There are really just two ways to do cauliflower wrong. These are 1) throwing it straight into the garbage and 2) serving it raw as a crudite.

It’s not that raw cauliflower is bad, exactly. It’s just that it’s a shame, maybe even a sin, not to take advantage of the sweet flavors and satisfying textures that emerge when you cook cauliflower. As long as you’re cooking it, though, cauliflower is near-infallible – its ratio of hits to misses is in hit-making record producer Dr. Luke territory – and if you have any sense, you’ll recognize its vegetal perfection and eat it joyously no matter how it’s cooked.

Nonetheless, some cauliflower preparations are more perfect than others. Roasting is the method with the highest ratio of reward to effort. Just toss your florets with a little olive oil, salt and pepper and roast them at 400 degrees until they’re crisp-tender and gently scorched. (Spices or herbs are optional – that’s how self-sufficient a culinary entity cauliflower is.)
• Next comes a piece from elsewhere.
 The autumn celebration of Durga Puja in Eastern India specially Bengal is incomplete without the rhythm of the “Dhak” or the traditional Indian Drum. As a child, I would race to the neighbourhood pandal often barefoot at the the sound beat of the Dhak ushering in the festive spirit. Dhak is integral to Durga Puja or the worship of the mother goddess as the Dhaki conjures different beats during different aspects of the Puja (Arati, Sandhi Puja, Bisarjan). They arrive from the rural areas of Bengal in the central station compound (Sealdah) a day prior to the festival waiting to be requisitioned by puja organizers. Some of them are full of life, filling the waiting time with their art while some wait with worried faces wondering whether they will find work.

One of the most stunning cauliflower dishes I’ve ever eaten, though, is somewhat complicated: a classic French cauliflower gratin, which takes parboiled florets, smothers them in bechamel sauce and cheese, and browns the topping in the oven. The gratin is undeniably a main dish, ushering cauliflower to its rightful place at the center of the table. All you might need to add to it are a green salad, crusty bread and wine.

The only way to improve on the classic dish is to roast the cauliflower before combining it with the lavish sauce. This way, you get to enjoy the caramelized qualities of roasted cauliflower while also eating a lot of butter and cheese.
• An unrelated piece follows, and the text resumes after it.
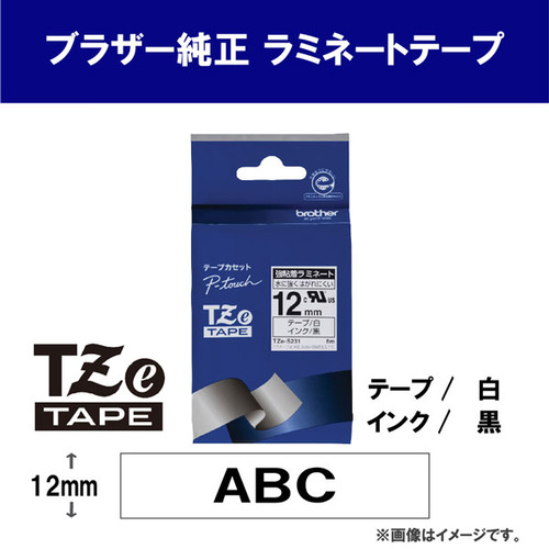 ブラザー TZe-S231 ラベルライターピータッチ用 強粘着ラミネートテープ 白テープ 黒文字 幅12mm 長さ8m

As with all gratins, you want your main ingredient to be fully cooked before you combine it with the topping; it will soften somewhat while it’s soaking in bechamel, but not much. The post-bechamel baking period is really just to force the ingredients to get cozy with one another, to make sure everything’s the same temperature, and to melt the cheese.

Roasted Cauliflower Gratin 3 tablespoons unsalted butter, divided 1 cauliflower (about 1 1/2 pounds), separated into florets Salt and black pepper 1 cup whole milk 1/3 cup heavy cream 2 tablespoons all-purpose flour 1/2 cup grated Gruyere cheese (about 2 ounces)
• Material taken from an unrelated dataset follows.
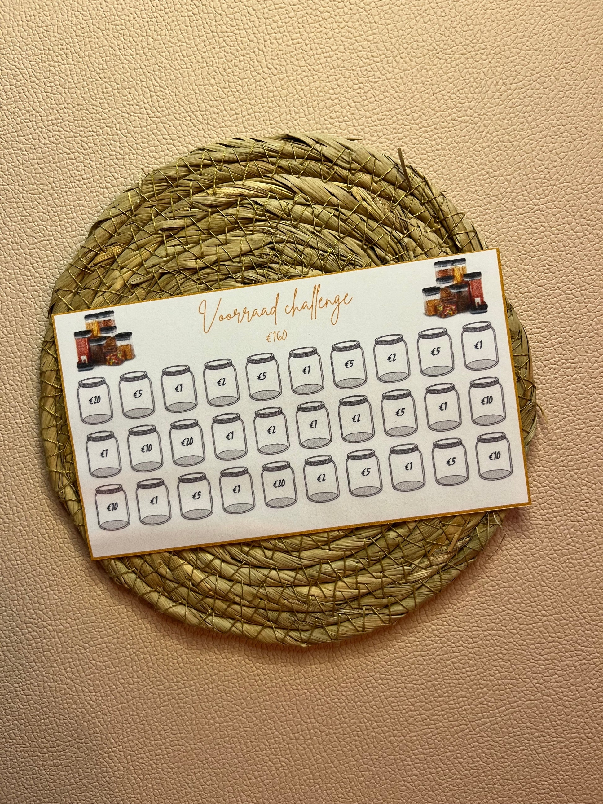 Spaar €160 euro met deze voorraad challenge. Elke voorraad pot heeft een ander bedrag tussen de €1 en de €20 euro.

HEAT oven to 375 degrees. Put 1 tablespoon butter in a rimmed baking sheet in the oven. When it melts, add cauliflower, season with salt and pepper, and toss to combine. Roast, stirring occasionally, until florets are mostly tender and lightly browned, 25 to 30 minutes. (Leave the oven on.)

PUT milk and cream in a small saucepan over low heat. As they warm up, put remaining 2 tablespoons butter in a medium saucepan over medium-low heat. When it melts, add flour and cook, whisking constantly, until mixture turns golden brown, 3 to 4 minutes. Gradually whisk warm milk and cream into butter mixture and continue to cook, whisking frequently, until sauce has thickened slightly, about 5 minutes.

TRANSFER cauliflower florets to an 8- or 9-inch square baking dish. Pour the bechamel sauce evenly over the cauliflower. Sprinkle the cheese on top. Bake until the sauce is bubbling and the cheese is golden brown, about 25 minutes.